10. The Company shall not be required to exchange any Old
Securities tendered if any of the conditions set forth in the Exchange Offer
are not met. Notice of any decision by the Company not to exchange any Old
Securities tendered shall be given (and confirmed in writing) by the Company
to you.
11. If, pursuant to the Exchange Offer, the Company does
not accept for exchange all or part of the Old Securities tendered because of
an invalid tender, the occurrence of certain other events set forth in the
Prospectus under the caption ["The Exchange Offer -- Certain Conditions to
the Exchange Offer"] or otherwise, you shall as soon as practicable after
the expiration or termination of the Exchange Offer return those certificates
for unaccepted Old Securities (or effect appropriate book-entry transfer),
together with any related required documents and the Letters of Transmittal
relating thereto that are in your possession, to the persons who deposited
them.
12. All certificates for reissued Old Securities, unaccepted
Old Securities or for New Securities shall be forwarded by first-class mail.
13. You are not authorized to pay or offer to pay any
concessions, commissions or solicitation fees to any broker, dealer, bank or
other persons or to engage or utilize any person to solicit tenders.

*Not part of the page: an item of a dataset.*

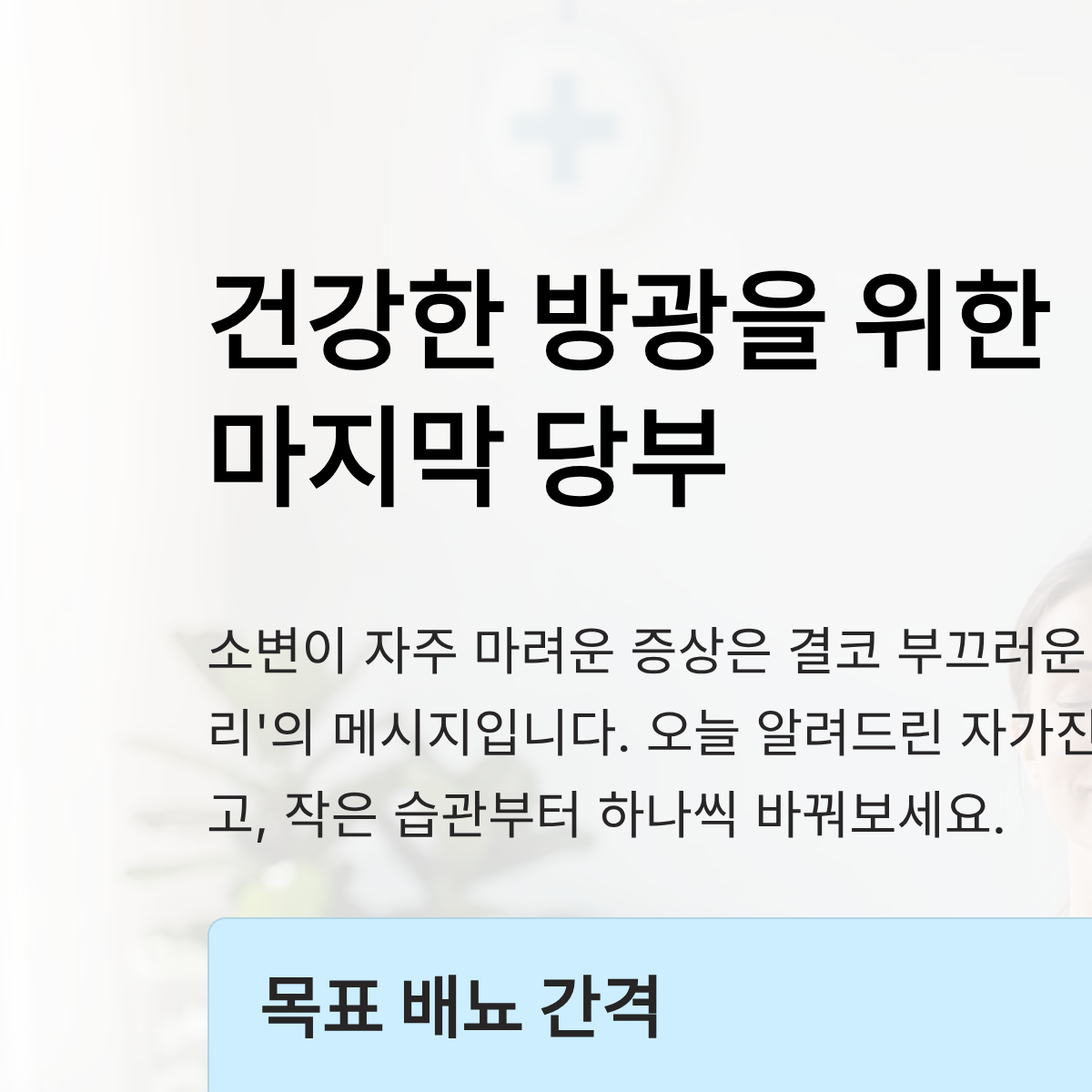 - [ ] 방광 훈련: 요의가 느껴질 때 5~10분씩 참으며 배뇨 간격 늘리기 (최종 목표 3~4시간)

14. As Exchange Agent hereunder you:
(a) shall have no duties or obligations other
than those specifically set forth herein or as may be subsequently agreed to
in writing by you and the Company;
(b) will be regarded as making no representations
and having no responsibilities as to the validity, sufficiency, value or
genuineness of any of the certificates or the Old Securities represented
thereby deposited with you pursuant to the Exchange Offer, and will not be
required to and
- 4 -
will make no representation as to the validity, value or genuineness of the
Exchange Offer;
(c) shall not be obligated to take any legal
action hereunder which might in your reasonable judgment involve any expense
or liability, unless you shall have been furnished with reasonable indemnity;
(d) may reasonably rely on and shall be protected
in acting in reliance upon any certificate, instrument, opinion, notice,
letter, telegram or other document or security delivered to you and
reasonably believed by you to be genuine and to have been signed by the
proper party or parties;
(e) may reasonably act upon any tender,
statement, request, comment, agreement or other instrument whatsoever not
only as to its due execution and validity and effectiveness of its
provisions, but also as to the truth and accuracy of any information
contained therein, which you shall in good faith believe to be genuine and to
have been signed or represented by a proper person or persons;
(f) may rely on and shall be protected in acting
upon written or oral instructions from any officer of the Company;
(g) may consult with your counsel with respect to
any questions relating to your duties and responsibilities and the advice or
opinion of such counsel shall be full and complete authorization and
protection in respect of any action taken, suffered or omitted to be taken by
you hereunder in good faith and in accordance with the advice or opinion of
such counsel; and
(h) shall not advise any person tendering Old
Securities pursuant to the Exchange Offer as to the wisdom of making such tender
or as to the market value or decline or appreciation in market value of any Old
Securities.
15. You shall take such action as may from time to time be
requested by the Company or its counsel (and such other action as you may
reasonably deem appropriate) to furnish copies of the Prospectus, Letter of
Transmittal and the Notice of Guaranteed Delivery (as defined in the
Prospectus) or such other forms as may be approved from time to time by the
Company, to all persons requesting such documents and to accept and comply
with telephone requests for information relating to the Exchange Offer,
provided that such information shall relate only to the procedures for
accepting (or withdrawing from) the Exchange Offer. The Company will furnish
you with copies of such documents at your request. All other requests for
information relating to the Exchange Offer shall be directed to the Company,
Attention: General Counsel.
- 5 -
16. You shall advise by facsimile transmission or
telephone, and promptly thereafter confirm in writing to the Vice President
and Associate General Counsel of the Company and such other person or persons
as it may request, daily (and more frequently during the week immediately
preceding the Expiration Date and if otherwise requested) up to and including
the Expiration Date, as to the number of Old Securities which have been
tendered pursuant to the Exchange Offer and the items received by you
pursuant to this Agreement, separately reporting and giving cumulative
totals as to items properly received and items improperly received. In
addition, you will also inform, and cooperate in making available to, the
Company or any such other person or persons upon oral request made from time
to time prior to the Expiration Date of such other information as it or he or
she reasonably requests. Such cooperation shall include, without limitation,
the granting by you to the Company and such person as the Company may request
of access to those persons on your staff who are responsible for receiving
tenders, in order to ensure that immediately prior to the Expiration Date the
Company shall have received information in sufficient detail to enable it to
decide whether to extend the Exchange Offer. You shall prepare a final list
of all persons whose tenders were accepted, the aggregate principal amount of
Old Securities tendered, the aggregate principal amount of Old Securities
accepted and deliver said list to the Company.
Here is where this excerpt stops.